Mr Gregory encourages investors to use their voice, as there has been some “more aggressive sponsor deals, with more flexibility and aspects that aren’t necessarily creditor-friendly, getting over the line. When that happens investors need to read the documentation really carefully and be willing to push back. This is a market that is heavily based on precedent.”

Regulators step in

In recent years a number of regulatory bodies have raised concerns about the potential for leveraged finance markets to affect the wider economy in the event of a downturn. As we enter a period of pronounced economic difficulty, these concerns could be resurface. Leveraged finance markets have grown considerably in the past decade, including the volume of collateralised loan obligation (CLO) issuance. CLOs are a form of securitisation, where bundles of leveraged loans are packaged together and managed as a fund. Looser covenants are just one issue that has been flagged up as a risk factor.

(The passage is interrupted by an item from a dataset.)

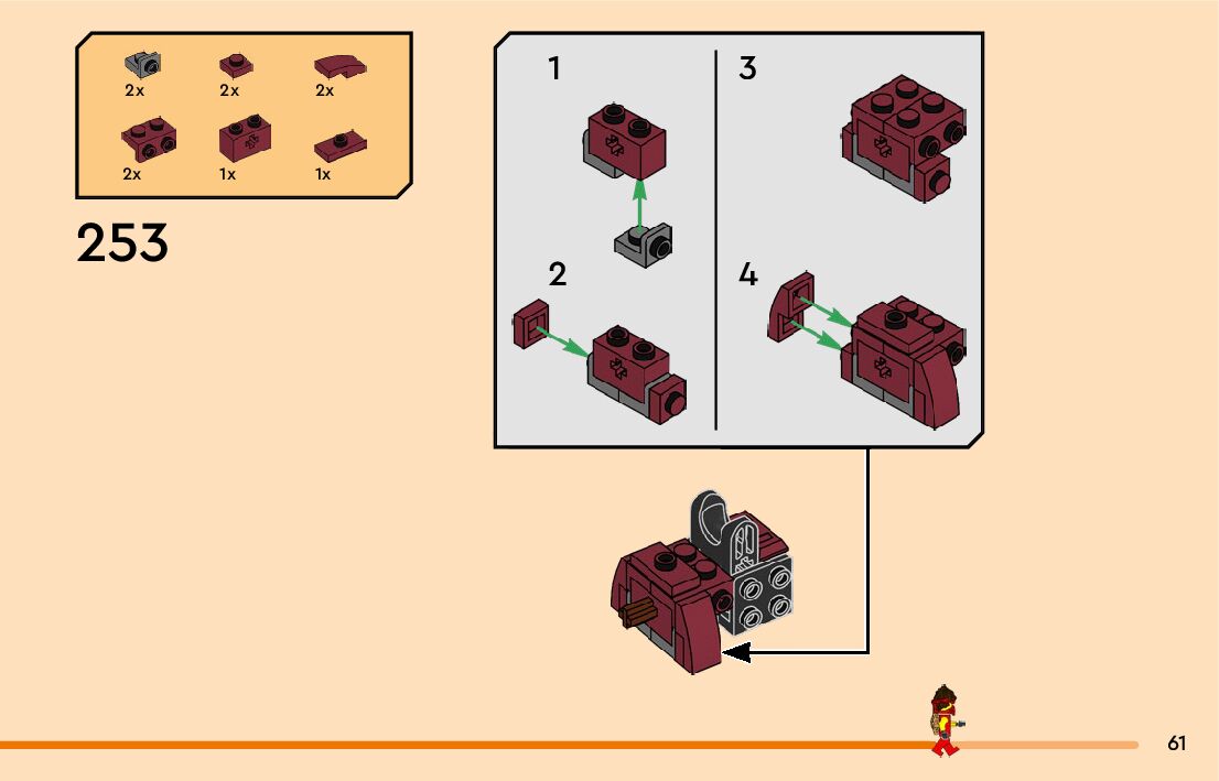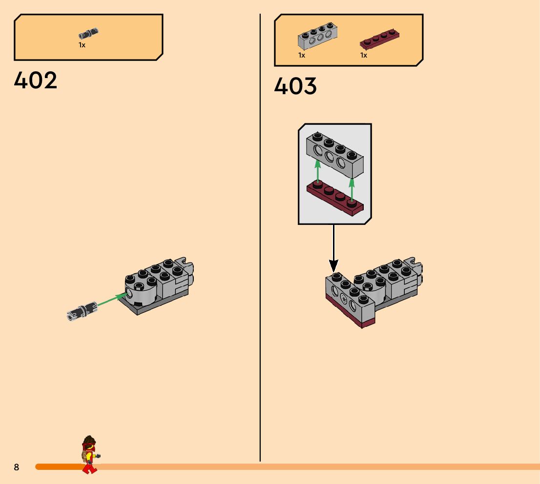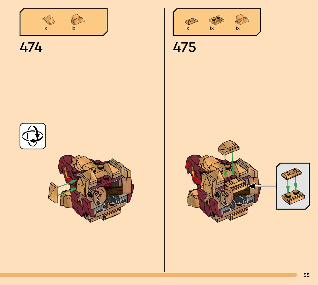 The assembly guide is prepared in a very understandable way for children and adult LEGO enthusiasts. A total of 476 picture galleries are shown, explaining the step-by-step construction stages for 5 different structures.

In one of the latest examples, in December 2019 the Financial Stability Board published a report highlighting vulnerabilities that it believed had grown within leveraged loan markets since the financial crisis, saying: “Borrowers’ leverage has increased; changes in loan documentation have weakened creditor protection; and shifts in the composition of creditors of non-banks may have increased the complexity of these markets.” The report also highlighted the fact that although global banks continue to have the most direct exposure to leveraged loans and CLOs, a growing number of non-bank investors are also exposed.

While some in the sector welcome regulatory scrutiny and believe it helps to put ‘guardrails’ on industry behaviour, most believe the level of systemic risk in the system is not comparable with before the financial crisis.

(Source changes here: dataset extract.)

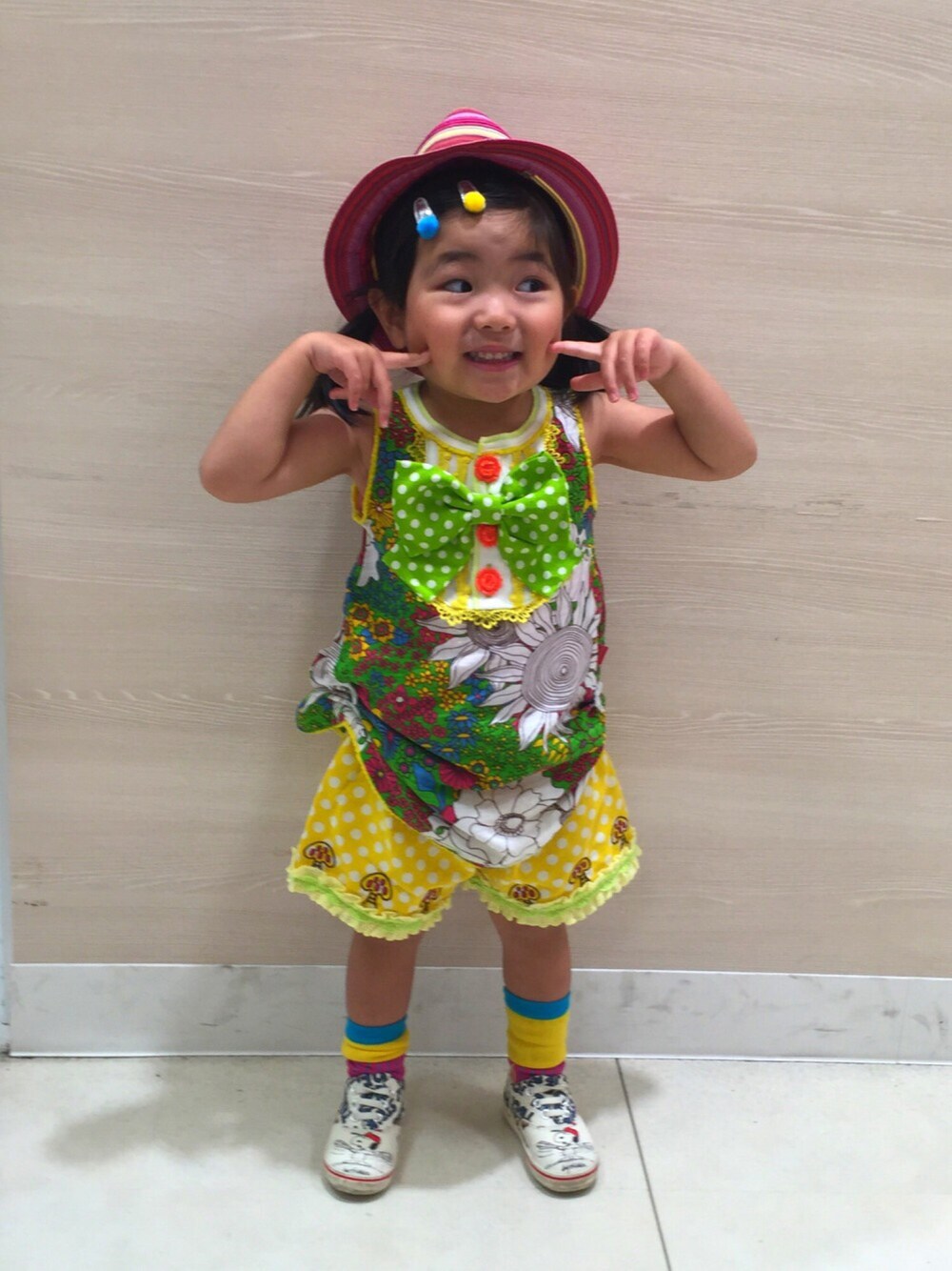 先日のフォトコン用のコーデのひとつ。 娘さん。 気分が乗らず… 逃げ回り… 作り笑顔が気持ち悪く… リボンも曲がる… 😱😱😱😱😱

“I don’t think that banks have the same exposure as in the past,” says Mr Brinkworth. “The market has reorganised itself since the last crisis and therefore there isn’t the same level of systemic risk. In a downturn, the CLO market may get hit, and there is a lot of paper held by private institutions, but ordinary individuals within society are not exposed to it.”

Recovery time

Allen & Overy’s Mr Harvey is also keen to defend the market. “This a big and growing market, with sophisticated participants operating in it,” he says. “Investors are very good at pricing risk and are able to make money within a changing environment.”

In the short term, this growing market is likely to remain subdued, but there is hope that it will bounce back. One particularly bullish London-based leveraged finance banker, who did not want to be named, says: “Everyone had been waiting for some kind of catalyst to affect activity. Frankly, the markets had been getting a little frothy, and they needed to drop. For now we have to go with the headlines and see when we hit the bottom. At the moment we don’t know where the bottom is, but long-term I would expect to see a V-shaped recovery.”

This is a sentiment echoed by Mr Brinkworth. “At the moment, everyone is very consumed by it,” he says. “Their attention for doing deals has been diverted and is instead focused on this one thing. The deals not being done will pile up, but not because of systemic issues with the market, rather as a side effect of what’s happening with coronavirus.”